*TASK OBJECTIVE*:
From the entries below, print exactly the span beginning with the line holding "Plus Size Glitter" and ending with the line holding "Mit dem Start", endpoints included, and skip any pictures.

Content starts

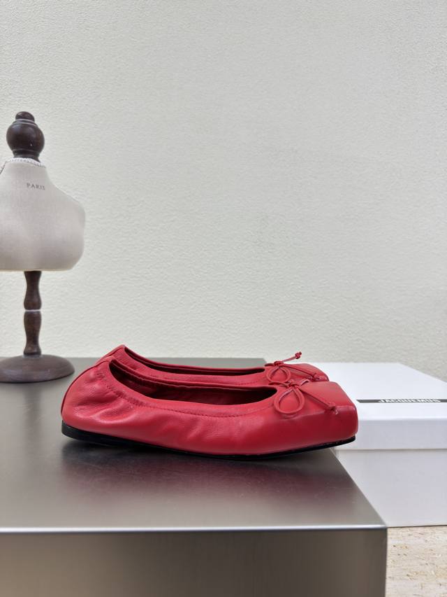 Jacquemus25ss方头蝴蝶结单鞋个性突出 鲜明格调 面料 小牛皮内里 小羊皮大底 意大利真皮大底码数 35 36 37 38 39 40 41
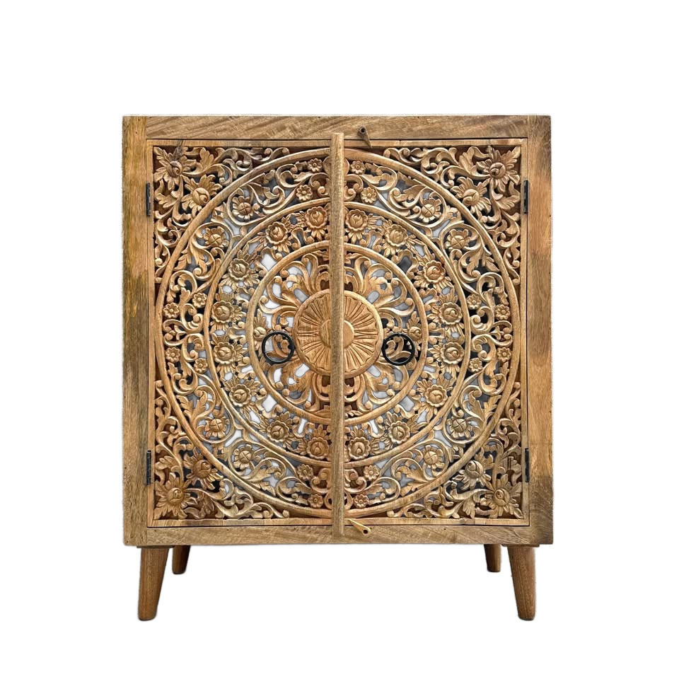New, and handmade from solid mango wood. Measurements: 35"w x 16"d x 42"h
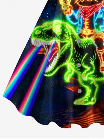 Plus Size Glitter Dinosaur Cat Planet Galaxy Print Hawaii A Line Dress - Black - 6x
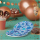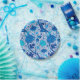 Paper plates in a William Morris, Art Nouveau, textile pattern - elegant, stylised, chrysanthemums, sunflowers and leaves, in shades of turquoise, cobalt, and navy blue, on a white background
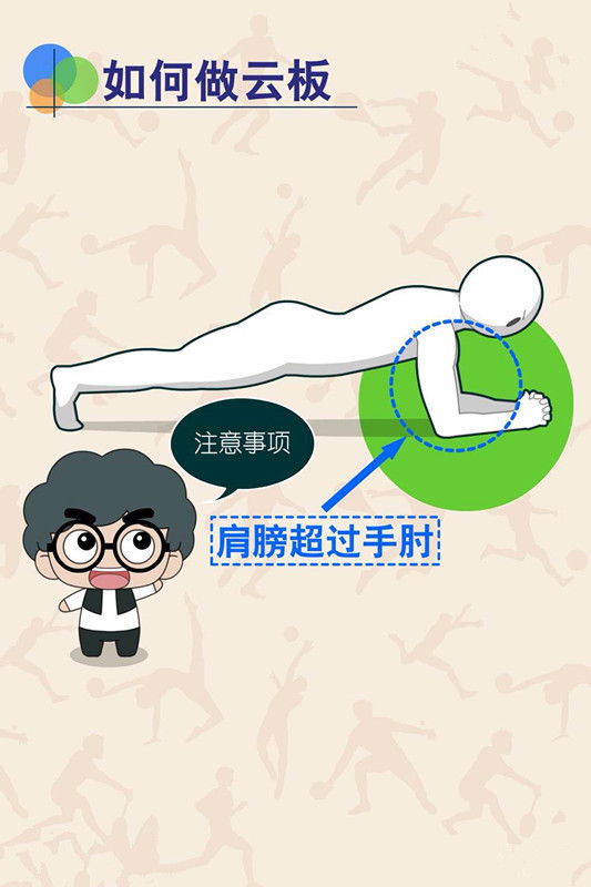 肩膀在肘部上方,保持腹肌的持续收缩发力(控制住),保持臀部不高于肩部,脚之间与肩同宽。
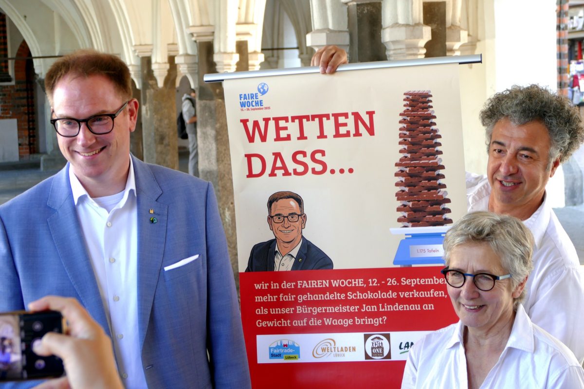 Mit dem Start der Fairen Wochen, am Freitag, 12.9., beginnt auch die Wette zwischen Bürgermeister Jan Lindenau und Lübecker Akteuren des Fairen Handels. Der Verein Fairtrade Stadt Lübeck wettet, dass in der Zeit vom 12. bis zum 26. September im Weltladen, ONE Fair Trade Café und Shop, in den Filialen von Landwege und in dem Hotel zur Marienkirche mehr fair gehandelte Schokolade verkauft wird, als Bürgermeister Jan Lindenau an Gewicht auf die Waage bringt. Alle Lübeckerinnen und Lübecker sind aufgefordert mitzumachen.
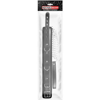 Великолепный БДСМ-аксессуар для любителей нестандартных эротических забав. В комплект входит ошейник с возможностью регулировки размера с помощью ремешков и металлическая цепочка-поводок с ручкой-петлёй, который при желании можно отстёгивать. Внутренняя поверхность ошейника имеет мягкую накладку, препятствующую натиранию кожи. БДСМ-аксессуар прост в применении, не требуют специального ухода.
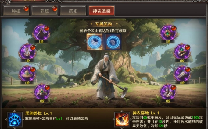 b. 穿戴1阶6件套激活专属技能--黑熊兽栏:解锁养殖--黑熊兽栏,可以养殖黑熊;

Content ends

*REPLY TO THE TASK*:
 Plus Size Glitter Dinosaur Cat Planet Galaxy Print Hawaii A Line Dress - Black - 6x
 Paper plates in a William Morris, Art Nouveau, textile pattern - elegant, stylised, chrysanthemums, sunflowers and leaves, in shades of turquoise, cobalt, and navy blue, on a white background
 肩膀在肘部上方,保持腹肌的持续收缩发力(控制住),保持臀部不高于肩部,脚之间与肩同宽。
 Mit dem Start der Fairen Wochen, am Freitag, 12.9., beginnt auch die Wette zwischen Bürgermeister Jan Lindenau und Lübecker Akteuren des Fairen Handels. Der Verein Fairtrade Stadt Lübeck wettet, dass in der Zeit vom 12. bis zum 26. September im Weltladen, ONE Fair Trade Café und Shop, in den Filialen von Landwege und in dem Hotel zur Marienkirche mehr fair gehandelte Schokolade verkauft wird, als Bürgermeister Jan Lindenau an Gewicht auf die Waage bringt. Alle Lübeckerinnen und Lübecker sind aufgefordert mitzumachen.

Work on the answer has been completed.